El padre Héctor es el párroco de Sant Therese en Aurora

Indira Gandhi, nieta del gran Mahatma Gandhi nos cuenta: “Mi abuelo me dijo una vez que hay dos clases de personas: aquellos que trabajan y aquellos que se atribuyen el mérito del trabajo sin hacer nada. Él me dijo que tratara de ser parte del primer grupo, porque ahí hay mucho menos competencia”.

Dios nos ha creado a su imagen y semejanza. Si Él es el Creador del mundo, entonces nosotros estamos llamados a ser custodios de su Creación.

El trabajo es un aspecto central de nuestra misión de continuar creando junto con Dios. Trabajamos para proveer a nuestras necesidades y las de nuestras familias, y al hacerlo, permitimos a las cosas inanimadas, así como a los seres vivientes irracionales alcanzar su potencial al usarlas para el propósito para el cual fueron creados. Cuando el granjero ordeña a la vaca y el niño bebe la leche enriqueciendo sus huesos con el calcio, dándole la fuerza para jugar, la armonía que Dios designó para la creación brilla de un modo simple pero intenso.

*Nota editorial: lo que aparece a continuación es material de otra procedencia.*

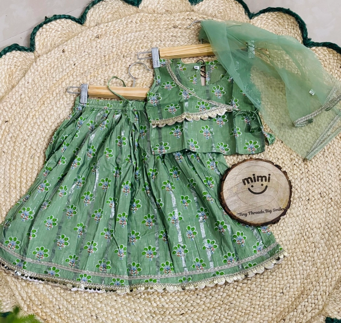 Make every celebration special with our Green Heritage Lehenga Choli Set. Designed in a beautiful green shade with elegant detailing, this outfit adds a royal and festive touch to your little one’s look. Ideal for weddings, festivities, and family functions, it offers both style and comfort.
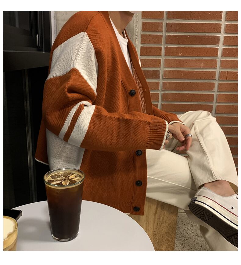 ニット カーディガン メンズ ルーズ バージョン カジュアル カラー コントラスト コート セーター 秋冬 ese レイジー ウィンド イン セーター オータム 秋物 ウィンター 冬物 BLUU21651257803

Después del pecado original (de Adán y Eva), la experiencia del trabajo fue transformada y se amargó por la dificultad y el sufrimiento. En otras palabras, trabajar generosamente puede traer dolor y es difícil de sobrellevar ¡Esa es una de las razones por las cuales nos gustan tanto los fines de semana! Sin embargo, el trabajo nunca ha perdido su dignidad y no es algo malo en sí mismo. Aunque es difícil y requiere abnegación, también nos trae un callado deleite. Al final de un día muy ocupado de trabajo, nos sentimos vagamente contentos, y aunque no seamos capaces de expresarlo en palabras, percibimos que hemos contribuido para la mejora de aquellos que están cerca de nosotros, así como que también nosotros hemos mejorado un poco, no necesariamente en lo que hacemos, aunque esa es también una posibilidad real, sino que además percibimos que nos estamos transformando en mejores personas.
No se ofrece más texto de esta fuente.